-- DATA SHOWN follows --

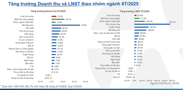 Trong đó, nhóm phi tài chính tiếp tục dẫn đầu đà tăng trưởng 4 quý liên tiếp với mức tăng trưởng 41,7% trong quý II/2025. Đặc biệt, dù chịu tác động trực tiếp từ thuế quan, nhưng nhóm xuất khẩu và bất động sản khu công nghiệp vẫn duy trì đà tăng trưởng lợi nhuận sau thuế lần lượt là 153,6% và 63%.
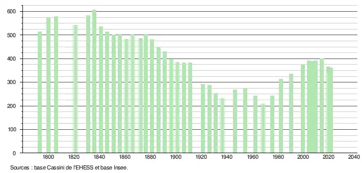 L'évolution du nombre d'habitants est connue à travers les recensements de la population effectués dans la commune depuis 1793. Pour les communes de moins de 10 000 habitants, une enquête de recensement portant sur toute la population est réalisée tous les cinq ans, les populations légales des années intermédiaires étant quant à elles estimées par interpolation ou extrapolation[24]. Pour la commune, le premier recensement exhaustif entrant dans le cadre du nouveau dispositif a été réalisé en 2004[25].
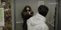 面对一边帮自己洗裤子又觉得对不起自己的悲情妈妈,和各种酸言酸语的爸爸,挥吴跑到澡堂洗澡,想起隔壁的疯女人,在热汤中咬牙切齿,接到父母准备搭车回家的电话,便急忙离开澡堂。出门倒垃圾做回收的旻景,遇到了淋湿的流浪小狗,心生怜悯的旻景追着流浪狗到了地下停车场,却遇到了准备前来开车送父母回家的挥吴,心生恐惧旻景转头看到监视器,便朝着监视器挥舞求救,甚至爬上挥吴的车上疯狂跳着叫着。

-- DATA SHOWN concluded --

* _TASK REQUIREMENTS_
Give back the material above exactly, with each picture removed.

* _REPLY TO THE EXERCISE_
 Trong đó, nhóm phi tài chính tiếp tục dẫn đầu đà tăng trưởng 4 quý liên tiếp với mức tăng trưởng 41,7% trong quý II/2025. Đặc biệt, dù chịu tác động trực tiếp từ thuế quan, nhưng nhóm xuất khẩu và bất động sản khu công nghiệp vẫn duy trì đà tăng trưởng lợi nhuận sau thuế lần lượt là 153,6% và 63%.
 L'évolution du nombre d'habitants est connue à travers les recensements de la population effectués dans la commune depuis 1793. Pour les communes de moins de 10 000 habitants, une enquête de recensement portant sur toute la population est réalisée tous les cinq ans, les populations légales des années intermédiaires étant quant à elles estimées par interpolation ou extrapolation[24]. Pour la commune, le premier recensement exhaustif entrant dans le cadre du nouveau dispositif a été réalisé en 2004[25].
 面对一边帮自己洗裤子又觉得对不起自己的悲情妈妈,和各种酸言酸语的爸爸,挥吴跑到澡堂洗澡,想起隔壁的疯女人,在热汤中咬牙切齿,接到父母准备搭车回家的电话,便急忙离开澡堂。出门倒垃圾做回收的旻景,遇到了淋湿的流浪小狗,心生怜悯的旻景追着流浪狗到了地下停车场,却遇到了准备前来开车送父母回家的挥吴,心生恐惧旻景转头看到监视器,便朝着监视器挥舞求救,甚至爬上挥吴的车上疯狂跳着叫着。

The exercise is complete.